TRY IT
When copying the records below, keep every word as it is and drop the images.

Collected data

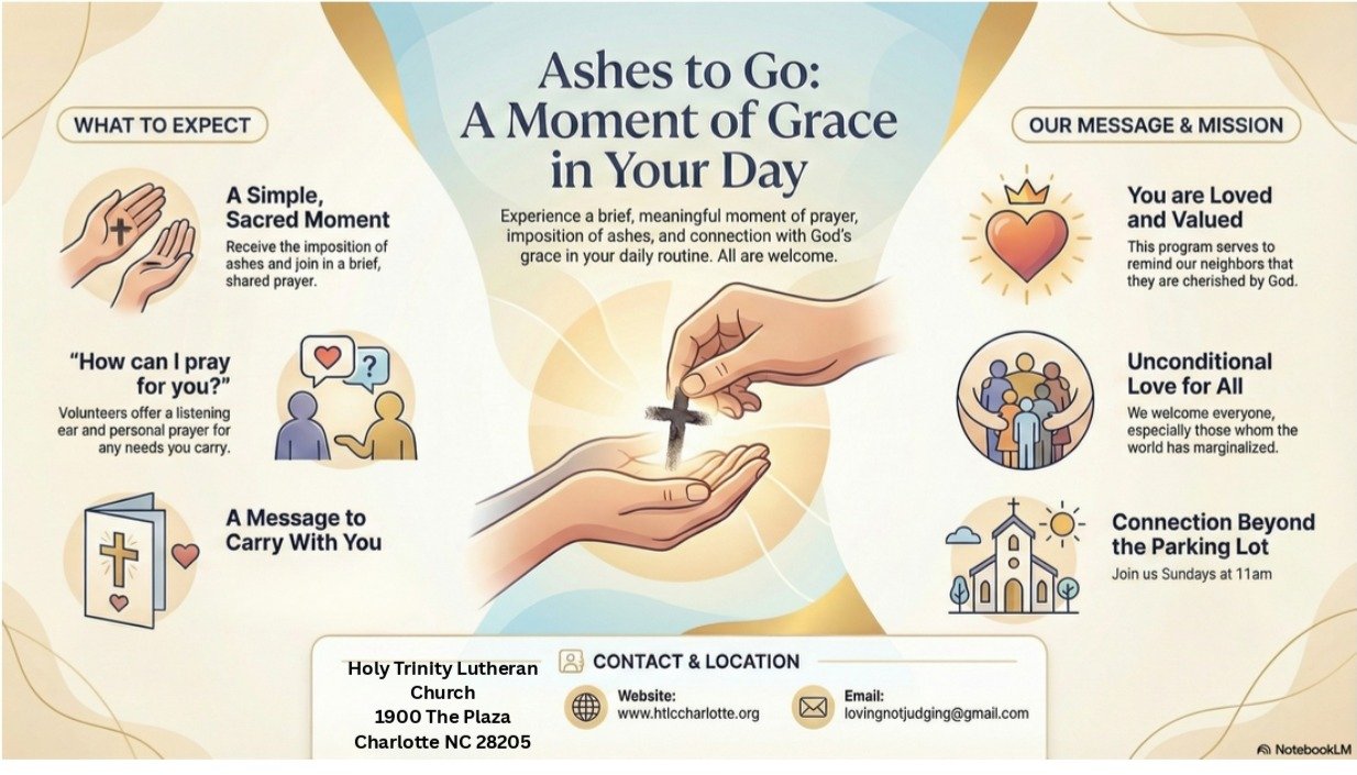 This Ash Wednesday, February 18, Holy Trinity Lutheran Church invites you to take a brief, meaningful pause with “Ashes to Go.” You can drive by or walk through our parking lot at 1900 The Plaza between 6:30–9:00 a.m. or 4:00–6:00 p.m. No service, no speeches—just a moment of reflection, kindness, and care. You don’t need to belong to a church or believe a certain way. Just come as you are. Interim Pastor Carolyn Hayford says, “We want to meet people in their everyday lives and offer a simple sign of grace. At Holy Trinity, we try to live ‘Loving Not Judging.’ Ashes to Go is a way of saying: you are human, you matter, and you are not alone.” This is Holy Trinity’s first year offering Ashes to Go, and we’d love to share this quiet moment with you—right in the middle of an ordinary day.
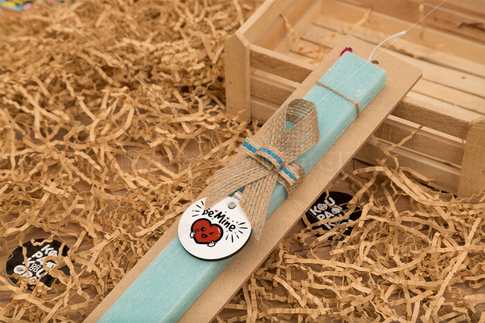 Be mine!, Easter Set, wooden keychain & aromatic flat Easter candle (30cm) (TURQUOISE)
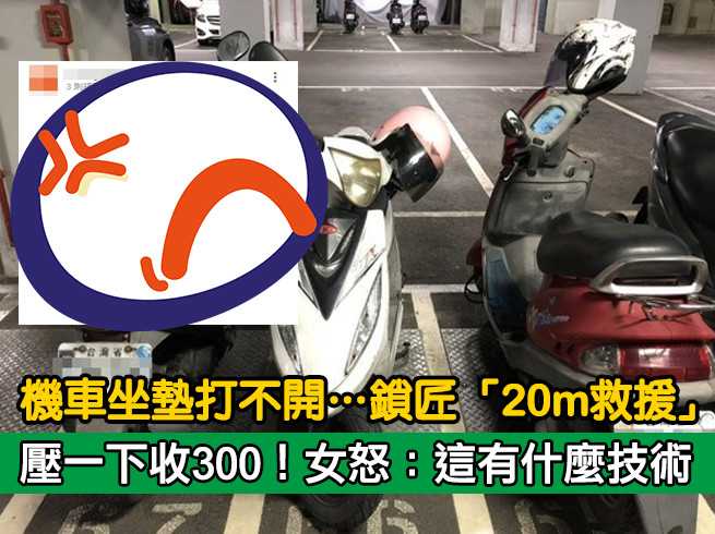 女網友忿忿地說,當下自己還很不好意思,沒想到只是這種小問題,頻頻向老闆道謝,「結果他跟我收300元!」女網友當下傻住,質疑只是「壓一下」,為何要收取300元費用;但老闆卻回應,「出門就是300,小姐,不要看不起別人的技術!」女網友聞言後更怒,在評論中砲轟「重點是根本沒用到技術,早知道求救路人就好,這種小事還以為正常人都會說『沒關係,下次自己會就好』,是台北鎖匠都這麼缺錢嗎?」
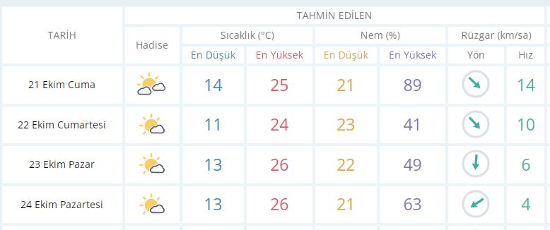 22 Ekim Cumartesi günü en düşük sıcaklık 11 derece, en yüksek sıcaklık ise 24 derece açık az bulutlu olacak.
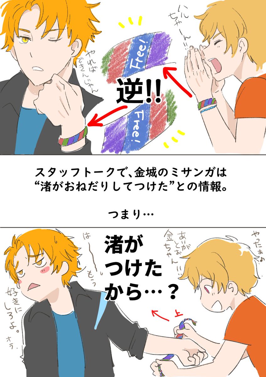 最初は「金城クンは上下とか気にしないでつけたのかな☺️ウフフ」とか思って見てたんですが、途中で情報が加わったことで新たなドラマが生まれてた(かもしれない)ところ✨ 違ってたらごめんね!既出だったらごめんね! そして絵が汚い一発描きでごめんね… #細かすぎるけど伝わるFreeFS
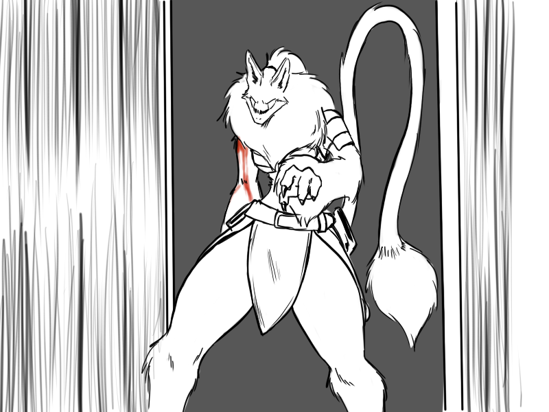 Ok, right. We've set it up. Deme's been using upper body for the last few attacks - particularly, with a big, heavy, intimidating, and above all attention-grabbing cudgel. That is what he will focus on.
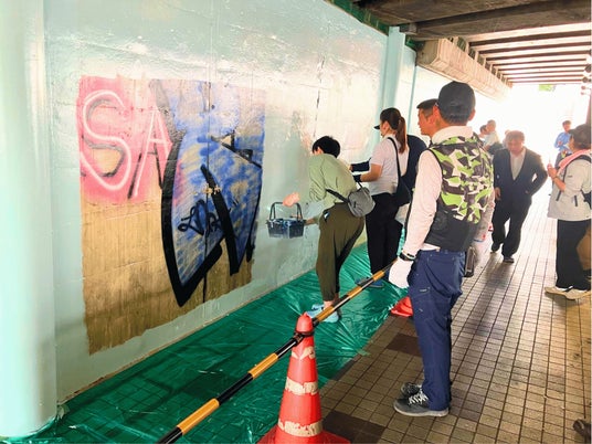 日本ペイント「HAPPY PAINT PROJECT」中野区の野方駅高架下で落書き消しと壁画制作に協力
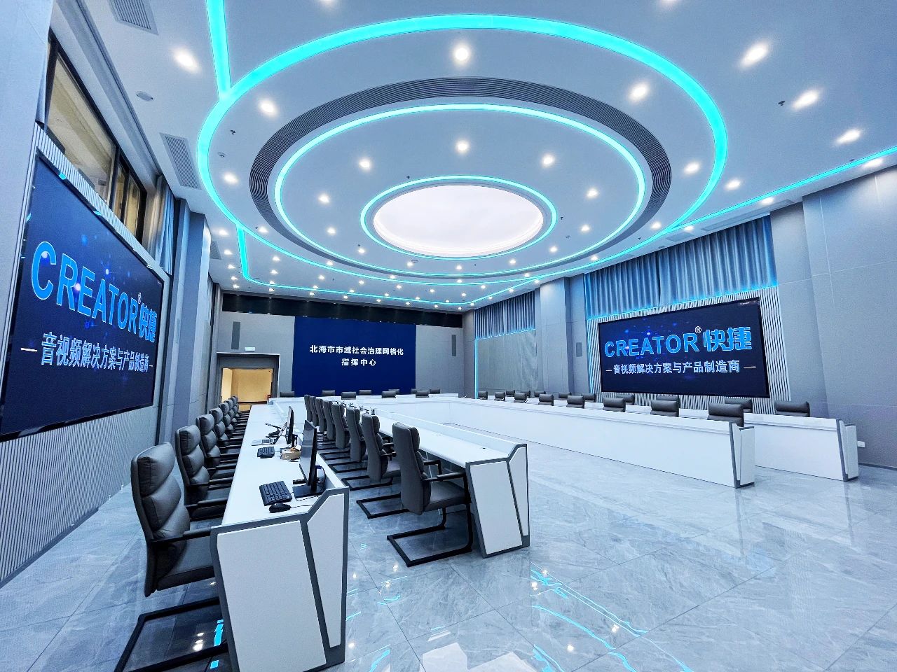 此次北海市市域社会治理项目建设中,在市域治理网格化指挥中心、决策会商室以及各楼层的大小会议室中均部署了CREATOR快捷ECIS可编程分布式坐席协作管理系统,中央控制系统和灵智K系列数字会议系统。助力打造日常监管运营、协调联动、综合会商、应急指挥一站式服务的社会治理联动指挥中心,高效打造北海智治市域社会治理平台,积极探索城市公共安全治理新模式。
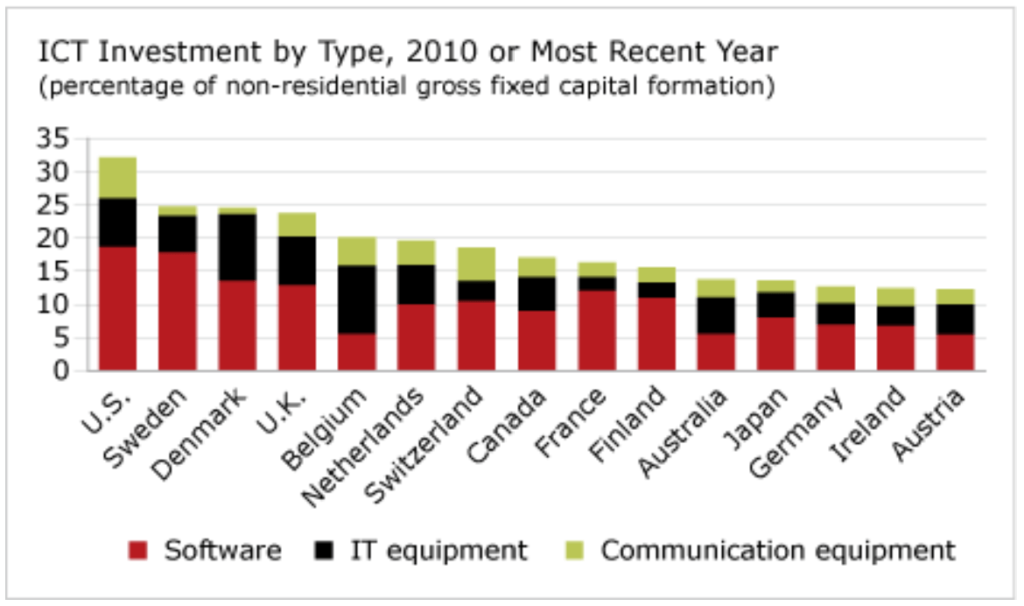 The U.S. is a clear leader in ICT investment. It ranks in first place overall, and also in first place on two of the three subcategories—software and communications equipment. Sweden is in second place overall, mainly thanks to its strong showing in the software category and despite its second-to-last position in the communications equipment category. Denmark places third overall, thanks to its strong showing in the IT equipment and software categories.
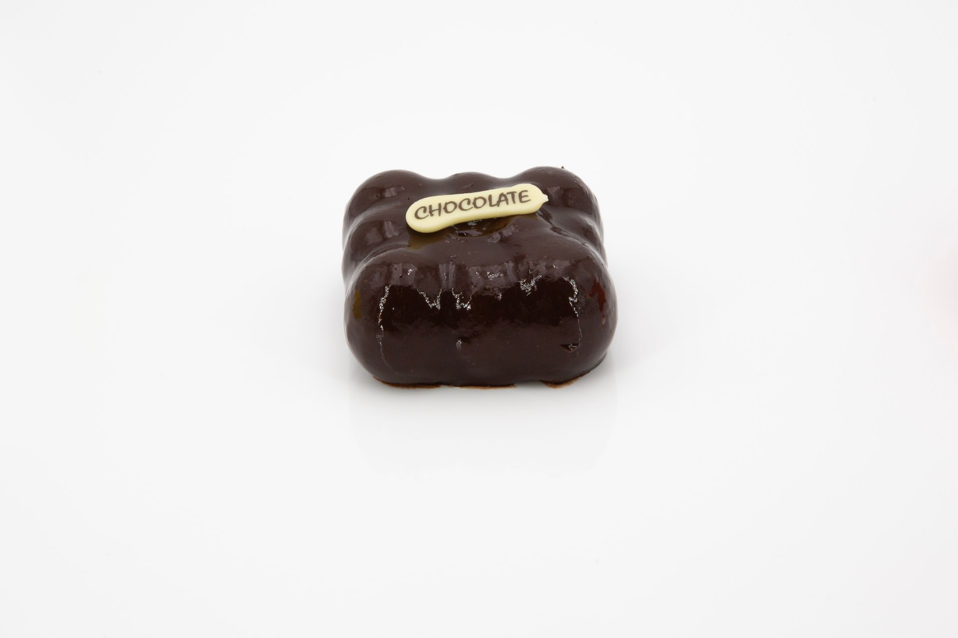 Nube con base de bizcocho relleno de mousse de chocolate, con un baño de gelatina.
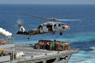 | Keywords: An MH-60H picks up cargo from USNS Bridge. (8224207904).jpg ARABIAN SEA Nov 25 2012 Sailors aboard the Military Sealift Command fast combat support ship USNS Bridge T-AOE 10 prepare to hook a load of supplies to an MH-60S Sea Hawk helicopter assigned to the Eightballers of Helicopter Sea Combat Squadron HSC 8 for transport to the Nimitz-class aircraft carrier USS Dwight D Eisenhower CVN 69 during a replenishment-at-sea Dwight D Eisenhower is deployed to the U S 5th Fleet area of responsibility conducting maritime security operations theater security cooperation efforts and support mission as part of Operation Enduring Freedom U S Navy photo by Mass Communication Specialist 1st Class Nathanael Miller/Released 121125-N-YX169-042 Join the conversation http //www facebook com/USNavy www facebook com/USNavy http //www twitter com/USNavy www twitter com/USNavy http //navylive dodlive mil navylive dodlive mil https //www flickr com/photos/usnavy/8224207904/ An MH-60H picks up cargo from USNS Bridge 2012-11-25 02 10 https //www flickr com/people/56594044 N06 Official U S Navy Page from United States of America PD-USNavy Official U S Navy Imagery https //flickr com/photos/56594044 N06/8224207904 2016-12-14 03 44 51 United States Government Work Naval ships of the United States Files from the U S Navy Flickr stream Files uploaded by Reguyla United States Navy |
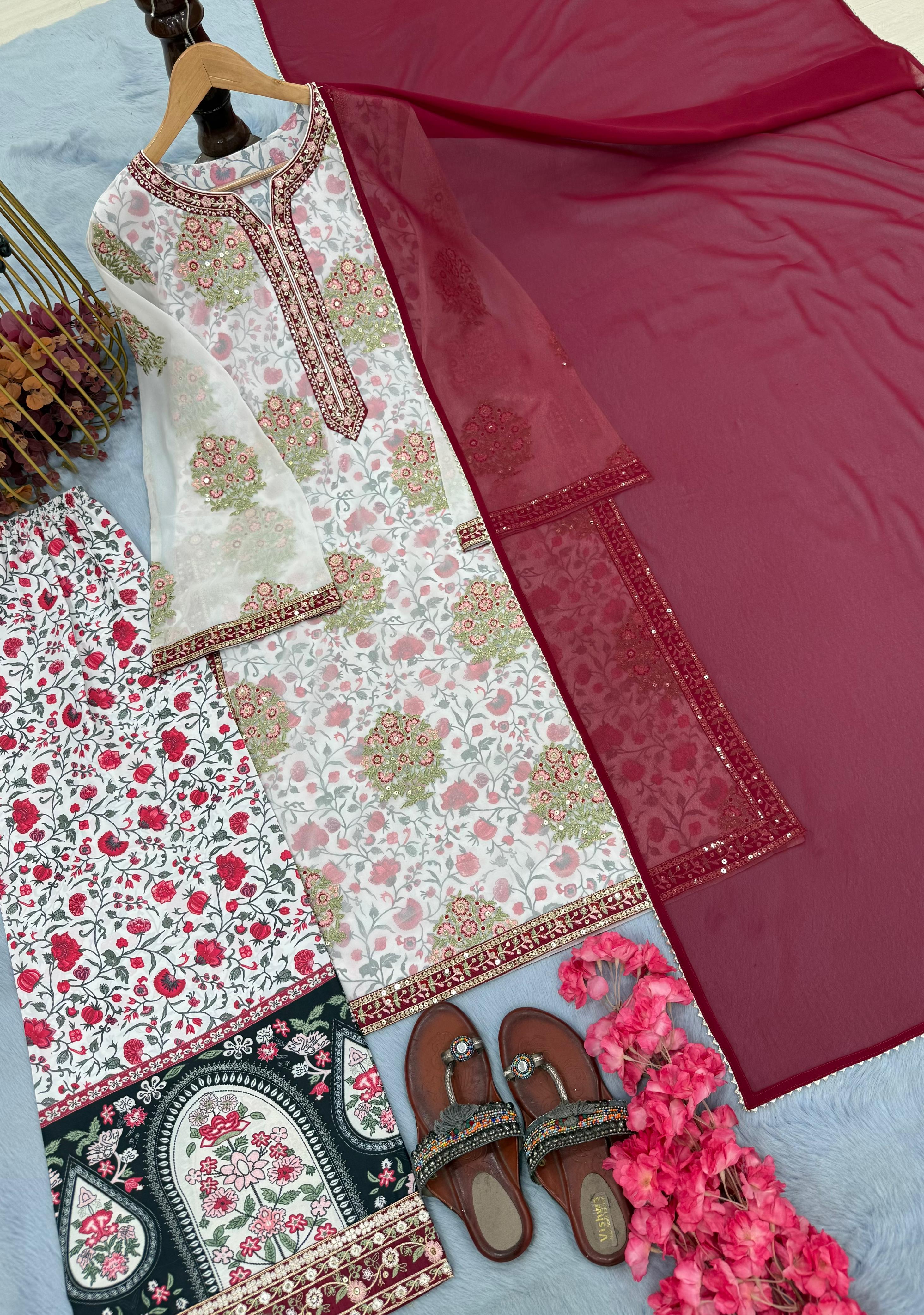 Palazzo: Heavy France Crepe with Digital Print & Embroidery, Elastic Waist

ANSWER TO THE PROBLEM
 This Ash Wednesday, February 18, Holy Trinity Lutheran Church invites you to take a brief, meaningful pause with “Ashes to Go.” You can drive by or walk through our parking lot at 1900 The Plaza between 6:30–9:00 a.m. or 4:00–6:00 p.m. No service, no speeches—just a moment of reflection, kindness, and care. You don’t need to belong to a church or believe a certain way. Just come as you are. Interim Pastor Carolyn Hayford says, “We want to meet people in their everyday lives and offer a simple sign of grace. At Holy Trinity, we try to live ‘Loving Not Judging.’ Ashes to Go is a way of saying: you are human, you matter, and you are not alone.” This is Holy Trinity’s first year offering Ashes to Go, and we’d love to share this quiet moment with you—right in the middle of an ordinary day.
 Be mine!, Easter Set, wooden keychain & aromatic flat Easter candle (30cm) (TURQUOISE)
 女網友忿忿地說,當下自己還很不好意思,沒想到只是這種小問題,頻頻向老闆道謝,「結果他跟我收300元!」女網友當下傻住,質疑只是「壓一下」,為何要收取300元費用;但老闆卻回應,「出門就是300,小姐,不要看不起別人的技術!」女網友聞言後更怒,在評論中砲轟「重點是根本沒用到技術,早知道求救路人就好,這種小事還以為正常人都會說『沒關係,下次自己會就好』,是台北鎖匠都這麼缺錢嗎?」
 22 Ekim Cumartesi günü en düşük sıcaklık 11 derece, en yüksek sıcaklık ise 24 derece açık az bulutlu olacak.
 最初は「金城クンは上下とか気にしないでつけたのかな☺️ウフフ」とか思って見てたんですが、途中で情報が加わったことで新たなドラマが生まれてた(かもしれない)ところ✨ 違ってたらごめんね!既出だったらごめんね! そして絵が汚い一発描きでごめんね… #細かすぎるけど伝わるFreeFS
 Ok, right. We've set it up. Deme's been using upper body for the last few attacks - particularly, with a big, heavy, intimidating, and above all attention-grabbing cudgel. That is what he will focus on.
 日本ペイント「HAPPY PAINT PROJECT」中野区の野方駅高架下で落書き消しと壁画制作に協力
 此次北海市市域社会治理项目建设中,在市域治理网格化指挥中心、决策会商室以及各楼层的大小会议室中均部署了CREATOR快捷ECIS可编程分布式坐席协作管理系统,中央控制系统和灵智K系列数字会议系统。助力打造日常监管运营、协调联动、综合会商、应急指挥一站式服务的社会治理联动指挥中心,高效打造北海智治市域社会治理平台,积极探索城市公共安全治理新模式。
 The U.S. is a clear leader in ICT investment. It ranks in first place overall, and also in first place on two of the three subcategories—software and communications equipment. Sweden is in second place overall, mainly thanks to its strong showing in the software category and despite its second-to-last position in the communications equipment category. Denmark places third overall, thanks to its strong showing in the IT equipment and software categories.
 Nube con base de bizcocho relleno de mousse de chocolate, con un baño de gelatina.
 | Keywords: An MH-60H picks up cargo from USNS Bridge. (8224207904).jpg ARABIAN SEA Nov 25 2012 Sailors aboard the Military Sealift Command fast combat support ship USNS Bridge T-AOE 10 prepare to hook a load of supplies to an MH-60S Sea Hawk helicopter assigned to the Eightballers of Helicopter Sea Combat Squadron HSC 8 for transport to the Nimitz-class aircraft carrier USS Dwight D Eisenhower CVN 69 during a replenishment-at-sea Dwight D Eisenhower is deployed to the U S 5th Fleet area of responsibility conducting maritime security operations theater security cooperation efforts and support mission as part of Operation Enduring Freedom U S Navy photo by Mass Communication Specialist 1st Class Nathanael Miller/Released 121125-N-YX169-042 Join the conversation http //www facebook com/USNavy www facebook com/USNavy http //www twitter com/USNavy www twitter com/USNavy http //navylive dodlive mil navylive dodlive mil https //www flickr com/photos/usnavy/8224207904/ An MH-60H picks up cargo from USNS Bridge 2012-11-25 02 10 https //www flickr com/people/56594044 N06 Official U S Navy Page from United States of America PD-USNavy Official U S Navy Imagery https //flickr com/photos/56594044 N06/8224207904 2016-12-14 03 44 51 United States Government Work Naval ships of the United States Files from the U S Navy Flickr stream Files uploaded by Reguyla United States Navy |
 Palazzo: Heavy France Crepe with Digital Print & Embroidery, Elastic Waist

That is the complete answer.